C. S. Lewis’s book The Magician’s Nephew contains the description of a green, quiet wood where nothing much happens and where a sweet, mild drowsiness overcomes visitors to that magical place. There are many small pools amid the trees, each one a portal to a different world. But when one is in the Wood Between the Worlds, one forgets about the existence of the other places, and only feels drowsy and peaceful. 

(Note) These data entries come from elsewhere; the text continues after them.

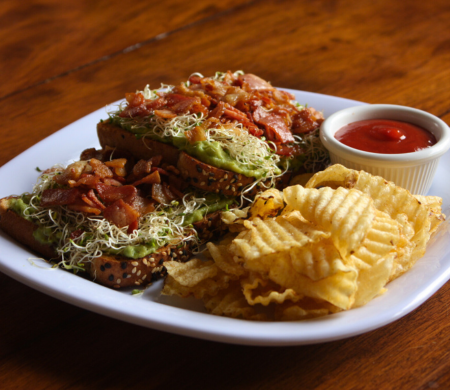 2 piezas de pan tostado con guacamole, huevos estrellados, jamón y tiras de tocino.
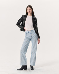 The Shea. Full-length high-rise jeans designed with relaxed, straight legs. Crafted from Lightweight Rigid non-stretch denim that provides structure, but breaks in over time for a soft and comfortable feel. In Aliah Jewel, a light indigo wash embellished with stripes and hand-sewn clusters of crystals. Size & Fit High-rise, straight leg, full length Size 26: 11 7/8" front rise, 32" inseam, 18 1/4" leg opening Model is 5'10.5" wearing size 25 Features & Details 100% Cotton Lightweight Rigid Denim in Aliah Jewel, a light indigo wash embellished with stripes and hand-sewn clusters of crystals Hand wash only Signature dagger shank button at center front with a zipper fly, metal rivets Five-pocket silhouette Imported Product ID: WDD25S2998RGAJ
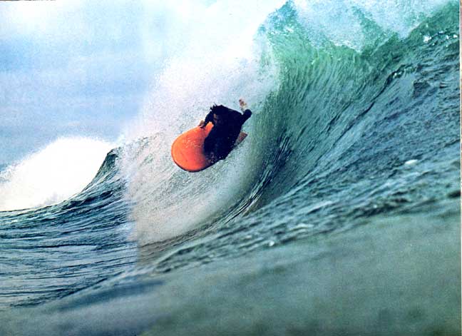 初めは木製のパイポ。それから折れたロングボードのブランクスを使って作られましたが、この辺は川南正さんのニーボードの始まりと同じです。形は足に履いたフィンがはみ出さないように、幅広で、左右二つに大きく分かれたフィッシュテールが考え出されました。
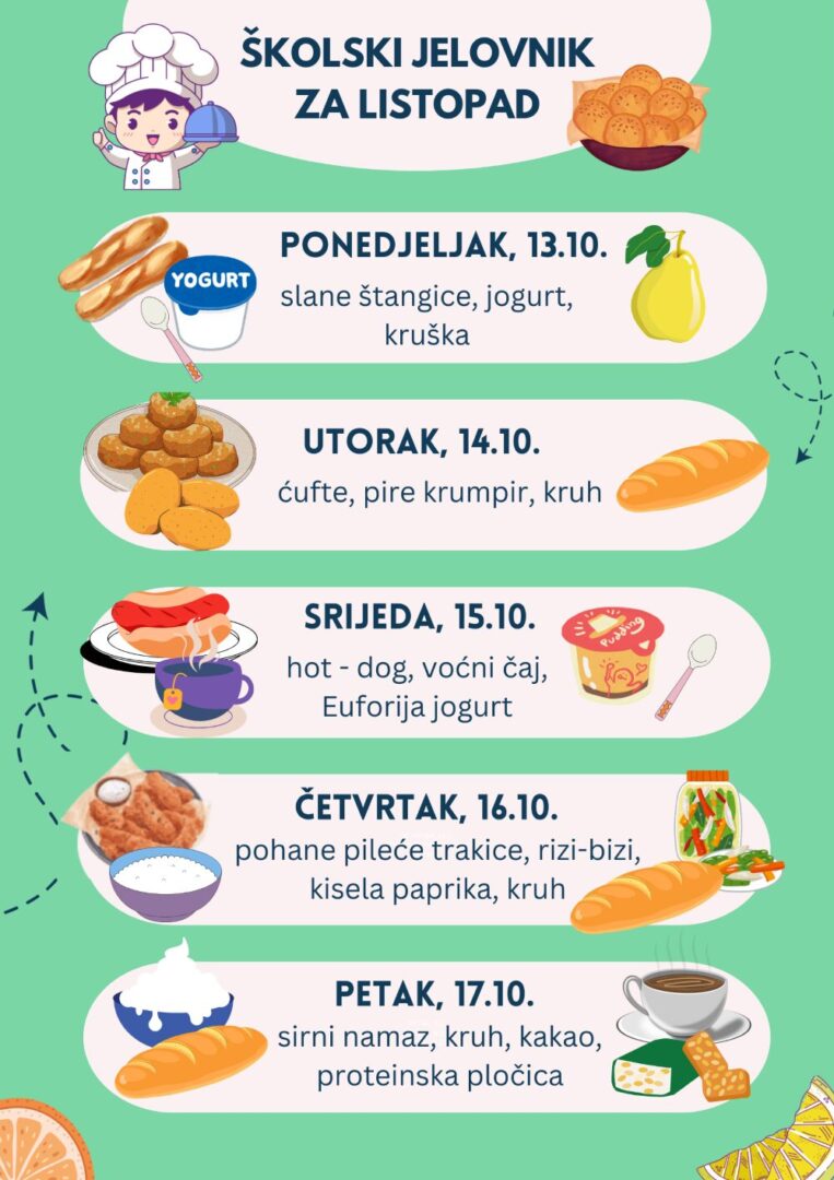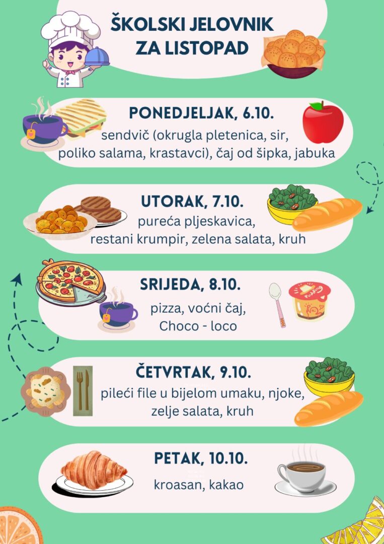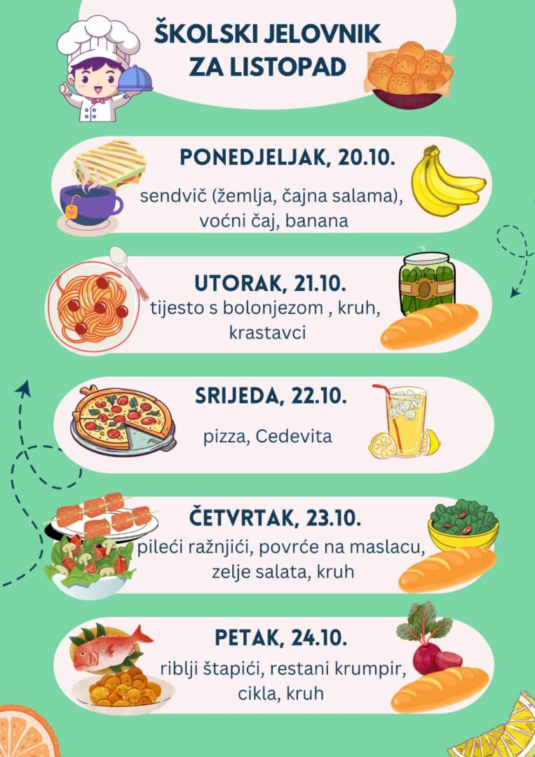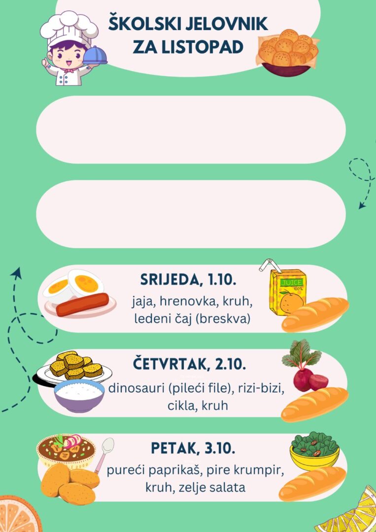 Jelovnik Napomena: Jelovnik je podložan promjenama. Školski jelovnik 2024.-2025. Jelovnik za rujan Jelovnik za listopad Jelovnik za studeni Jelovnik za prosinac Jelovnik za siječanj Jelovnik za veljaču Jelovnik za ožujak Jelovnik za travanj Jelovnik za svibanj Jelovnik za lipanj Školski jelovnik 2025.-2026. Jelovnik za rujan Jelovnik za listopad EU Učinkoviti ljudski potencijali EU Fondovi EU CARNET EU konkurentnost i kohezija
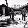 Brødrene Georg og Ejner Jensen i færd med at vælte den sidste fiskerhytte på Nørresundby Havn.
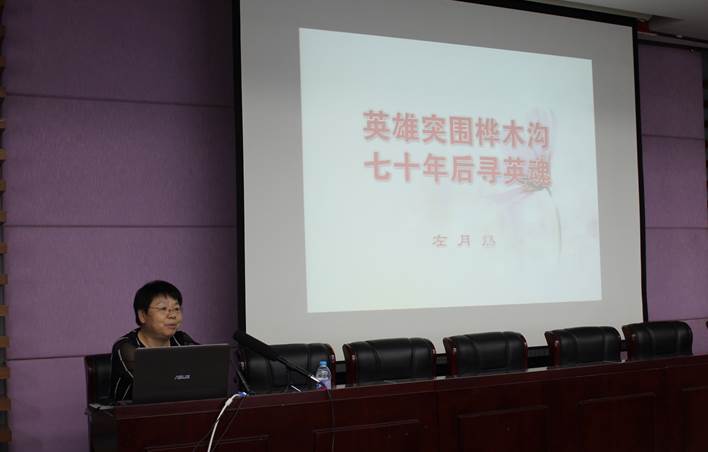 冀中抗战讲师团成员、开国将军高存信侄女高劲松教授以《国家兴亡 匹夫有责》为题目,讲述了我军炮兵建设的先驱高存信将军投身革命的故事。冀中抗战研究会副会长、宣讲团团长左月燃教授以《英雄突围桦木沟 七十年后寻英魂》为题目,讲述了为“桦木沟惨案”中两位牺牲女战士寻找亲人的精彩故事。两为教授的宣讲赢得了在场师生的阵阵掌声。
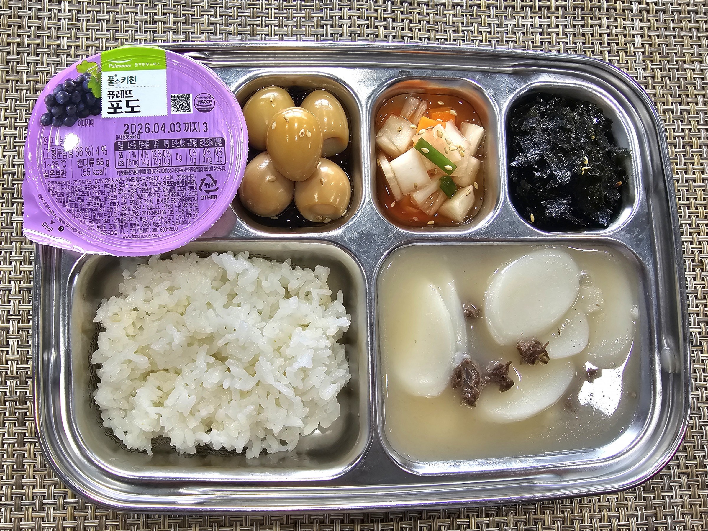 점 심 ~ 흰쌀밥, 소고기사골떡국, 메추리알장조림, 조미김, 푸딩(포도맛), 나박김치
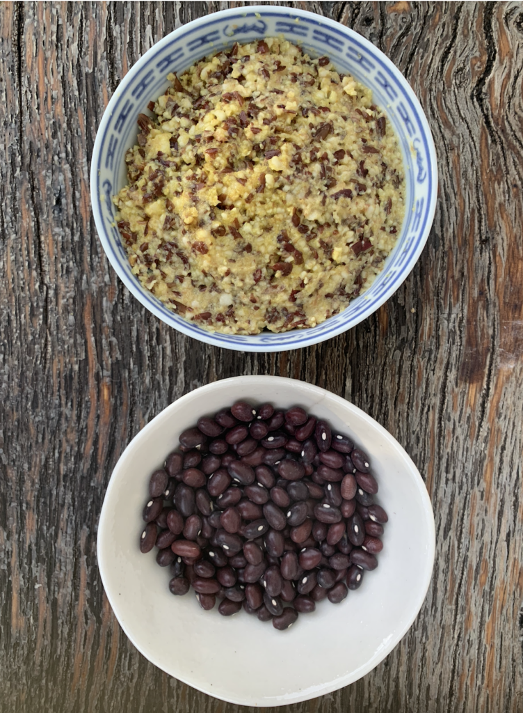 - Wie man sieht, ist die konzentrierte Bohnenmilch kompakter als die Kichererbsenmilch. Bevor man sie im Mörser presst, empfiehlt es sich, sie mit einem Holzlöffel umzurühren, um das Filtern zu erleichtern.
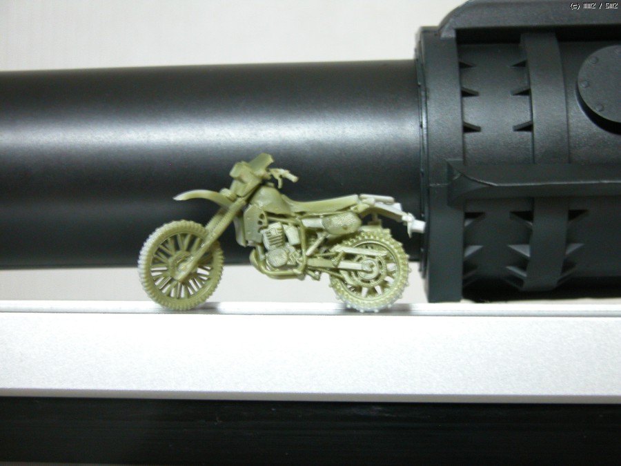 처음 설명서를 보면 하체부터 제작하게 되어있습니다만, 포신이 먼저보고싶어 포신부터 만들었습니다. 그러나 그 크기는 음..1/35 바이크와 비교한 사진 입니다.
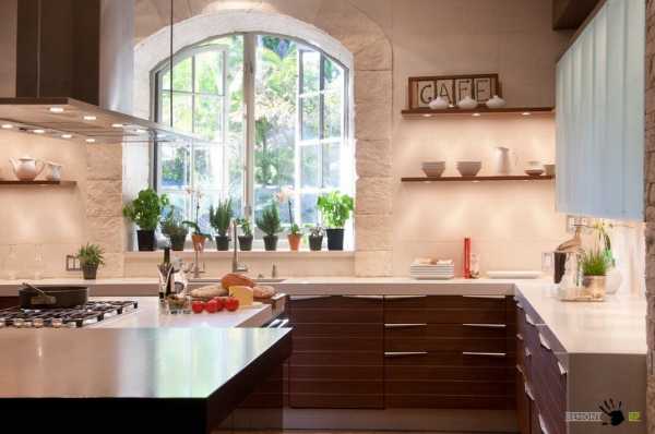 Иногда угловое окно на кухне выполняет функции фартука. В подобном случае полки для приправ и специй можно навесить над окном, где доступ к ним всегда будет удобным и быстрым. Стоит отметить, что окно вместо фартука – довольно практичное решение, поскольку за стеклянной поверхностью проще всего ухаживать.
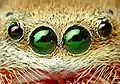Not only the type of eyes vary, but also the number of eyes. As you are well aware of, humans usually have two eyes, spiders on the other hand have a varying number of eyes, with most species having 8. Normally the spiders also have varying sizes of the different pairs of eyes and the differing sizes have different functions. For example, in jumping spiders 2 larger front facing eyes, give the spider excellent visual acuity, which is used mainly to target prey. 6 smaller eyes have much poorer resolution, but helps the spider to avoid potential dangers. Two photographs of the eyes of a jumping spider and the eyes of a wolf spider are shown to demonstrate the variability in the eye topologies of arachnids.
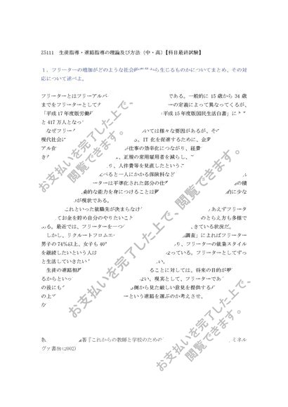 【佛教大学】Z5111 生徒指導・進路指導の理論及び方法(中・高)【科目最終試験】

That’s kind of how spending these eight days on Koh Chang has felt. We are between hot, noisy, and polluted Bangkok; and chilly Minneapolis in the last barren days of winter. We’re in a bit of a magical place—tropical warmth, soft breezes off the Gulf of Thailand, gentle rain showers, the ocean waves moving rhythmically to the shore, hypnotizing and anesthetizing. Nothing much happens here, except meals, sleep, and strolling. Memories of the worlds we’ve left and are returning to are growing faint, misty, unreal.

But that timeless feeling will soon stop.

Tomorrow (Sunday) we will pack our backpacks and jump back into one of those magical pools that will take us back to Bangkok Airport. We will spend the night in a nearby hotel, in a room so small we won’t be able to fit our luggage in. We’ll get up early, head to the airport, and fly six hours to Seoul, South Korea, and then thirteen hours to Minneapolis, arriving earlier in the day than we had left it in Seoul.

Yesterday, as Phil and I were eating dinner at one of the oceanside restaurants, he remarked, “Can you believe we’re really here?” He swept his arm out toward the ocean, with the sun riding red in the clouds and the beach stretching to the lapping waves. 



I said, “Right now, at this moment, we’re living in a memory.” Humans are the only creatures, I think, with a sense of time passing, and the awareness that the present will shortly become something that we remember. When we are back in the world of the Midwest, we will look at this picture and remember the feeling of being there—the soft air on our faces, the moist warmth of the late afternoon, the sound of small wave moving up and pulling back. 

But now we are still living in this memory, this Wood Between the Worlds. One more day.